By Sarah Newton-John • 16 February 2023 • 12:48
The haze will descend this weekend. Shutterstock Images
On Tuesday, Jesus Riesco, director of Aemet said this February’s calima would not be as severe as March 2022 which broke all weather records in terms of dust concentration in the atmosphere. Currently affecting the Canary Island, the calima will extend to the southern half of the peninsula, even spreading north from Sunday.
As Thursday unfolds in Malaga, the BBC and Aemet report a fine day, top of 17, with a moderate breeze. Strong winds are forecast again for Friday, February 17 and then more sunshine into next week. The waves are winds were expected to reach 50 to 60 km/h.

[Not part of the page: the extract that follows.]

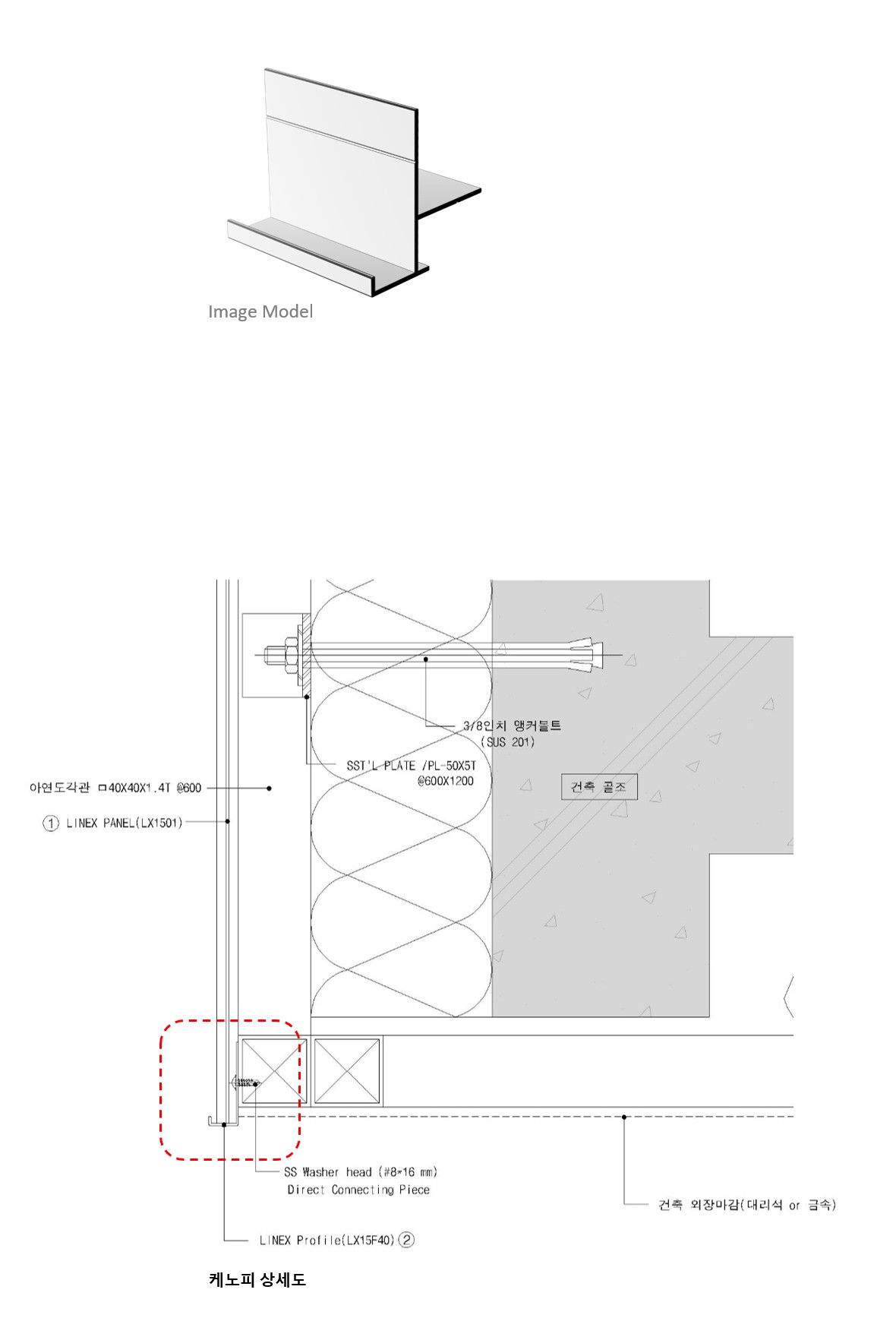 벽체 케노피와 창호 상부 마감할 경우 시공 상세도

According to José Luis Escudero, blogger at SUR.es weather, there is an ‘anticyclone to the north of the peninsula…the wind in anticyclones circulates clockwise, in storms it does the opposite. It is due to this large difference in pressure that strong winds occur.’
The red, dusty haze is expected to lie over the south of Spain from Friday February 17 and over the weekend. The haze is made up of dust, sand, ash and clay. There may be some rain which will give southerners the ‘mud’ as it mixes with the suspended particles. The Carnival of Cadiz will be affected this weekend.
Those residents in Malaga with respiratory or cardiovascular conditions are advised to stay indoors with the windows closed and to wear masks to go out. If you experience chest pain, asthma or even anxiety seek help immediately. Typical symptoms from a calima are nasal obstruction, eye itching and cough.